Your assignment - Word for word, output the data, with none of its pictures.

Collected material -
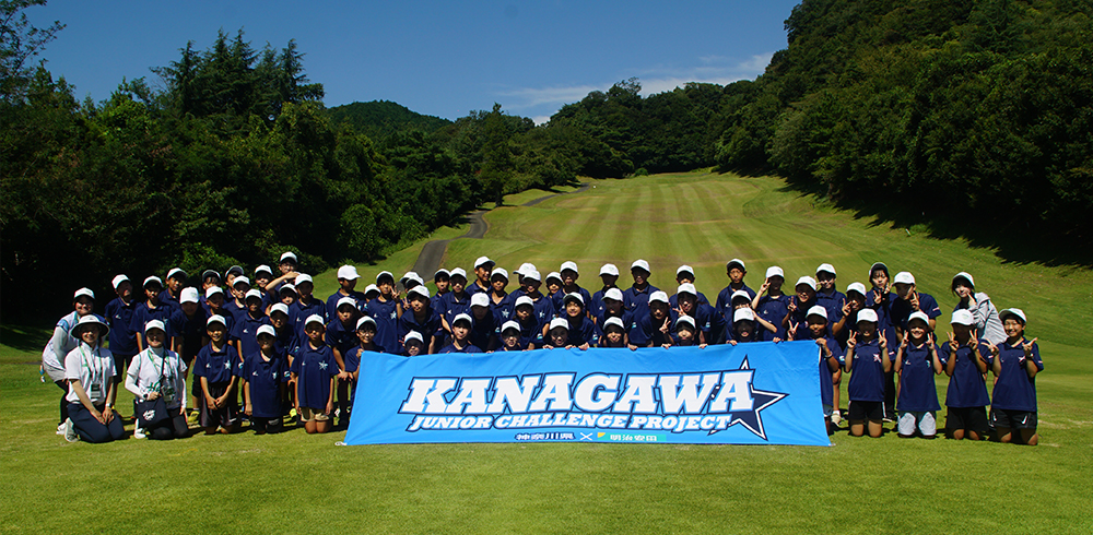 ジュニアスターズの選手たちにスナッグゴルフの体験教室を提供したのは、明治安田生命保険相互会社(明治安田)とJLPGA(日本女子プロゴルフ協会)です。9月3日から6日にかけて東名厚木カントリー倶楽部で行なわれた「JLPGAレジェンズチャンピオンシップ明治安田カップ」の最終日、63人の小学5、6年生(男子29人、女子34人)を招待しました。
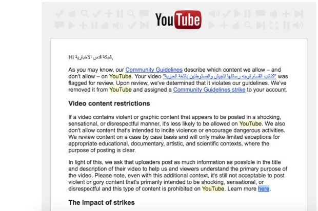 Al-Quds staff attempting to log in to the account on Friday were directed to a page stating that the account had been terminated because of violations of YouTube's community guidelines.
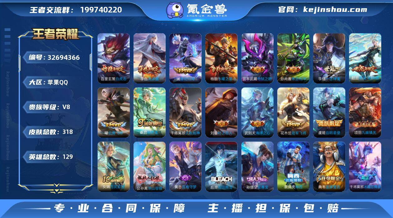 V8 1典藏 15传说 318皮肤 129英雄 【1水晶】【15传说】百里玄策-白虎志,干将莫邪-久胜战神,宫本武藏-地狱之眼,花木兰-冠军飞将,李白-凤求凰,李信-一念神魔,刘备-时之恋人,孙尚香-末日机甲,武则天-海洋之心,杨戬-永曜之星,虞姬-启明星使,赵云-乘龙·铭钟鼎,澜-逐花归海,曜-云鹰飞将,桑启-鸣野蒿【88史诗】阿轲-暗夜猫娘,阿轲-节奏热浪,阿轲-迷踪丽影,安琪拉-心灵骇客,白起-星夜王子,百里守约-特工魅影,百里守约-朱雀志,百里玄策-原初追逐者,不知火舞-魅语,蔡文姬-舞动绿茵,曹操-幽灵船长,程咬金-功夫厨神,妲己-女仆咖啡,妲己-魅力维加斯,狄仁杰-魔术师,狄仁杰-鹰眼统帅,典韦-蓝屏警告,貂蝉-圣诞恋歌,貂蝉-逐梦之音,伽罗-箭羽风息,干将莫邪-冰霜恋舞曲,公孙离-无限星赏官,宫本武藏-鬼剑武藏,关羽-冰锋战神,韩信-白龙吟,花木兰-水晶猎龙者,花木兰-青春决赛季,花木兰-瑞麟志,橘右京-修罗,铠-曙光守护者,兰陵王-暗隐猎兽者,兰陵王-驯魔猎人,李白-千年之狐,李元芳-逐浪之夏,李元芳-银河之约,廉颇-地狱岩魂,刘邦-德古拉伯爵,刘禅-绅士熊喵,露娜-紫霞仙子,露娜-一生所爱,鲁班七号-狮舞东方,吕布-圣诞狂欢,吕布-御风骁将,马超-神威,马可波罗-暗影游猎,马可波罗-逐梦之星,蒙犽-狂想玩偶喵...

Result for this task -
 ジュニアスターズの選手たちにスナッグゴルフの体験教室を提供したのは、明治安田生命保険相互会社(明治安田)とJLPGA(日本女子プロゴルフ協会)です。9月3日から6日にかけて東名厚木カントリー倶楽部で行なわれた「JLPGAレジェンズチャンピオンシップ明治安田カップ」の最終日、63人の小学5、6年生(男子29人、女子34人)を招待しました。
 Al-Quds staff attempting to log in to the account on Friday were directed to a page stating that the account had been terminated because of violations of YouTube's community guidelines.
 V8 1典藏 15传说 318皮肤 129英雄 【1水晶】【15传说】百里玄策-白虎志,干将莫邪-久胜战神,宫本武藏-地狱之眼,花木兰-冠军飞将,李白-凤求凰,李信-一念神魔,刘备-时之恋人,孙尚香-末日机甲,武则天-海洋之心,杨戬-永曜之星,虞姬-启明星使,赵云-乘龙·铭钟鼎,澜-逐花归海,曜-云鹰飞将,桑启-鸣野蒿【88史诗】阿轲-暗夜猫娘,阿轲-节奏热浪,阿轲-迷踪丽影,安琪拉-心灵骇客,白起-星夜王子,百里守约-特工魅影,百里守约-朱雀志,百里玄策-原初追逐者,不知火舞-魅语,蔡文姬-舞动绿茵,曹操-幽灵船长,程咬金-功夫厨神,妲己-女仆咖啡,妲己-魅力维加斯,狄仁杰-魔术师,狄仁杰-鹰眼统帅,典韦-蓝屏警告,貂蝉-圣诞恋歌,貂蝉-逐梦之音,伽罗-箭羽风息,干将莫邪-冰霜恋舞曲,公孙离-无限星赏官,宫本武藏-鬼剑武藏,关羽-冰锋战神,韩信-白龙吟,花木兰-水晶猎龙者,花木兰-青春决赛季,花木兰-瑞麟志,橘右京-修罗,铠-曙光守护者,兰陵王-暗隐猎兽者,兰陵王-驯魔猎人,李白-千年之狐,李元芳-逐浪之夏,李元芳-银河之约,廉颇-地狱岩魂,刘邦-德古拉伯爵,刘禅-绅士熊喵,露娜-紫霞仙子,露娜-一生所爱,鲁班七号-狮舞东方,吕布-圣诞狂欢,吕布-御风骁将,马超-神威,马可波罗-暗影游猎,马可波罗-逐梦之星,蒙犽-狂想玩偶喵...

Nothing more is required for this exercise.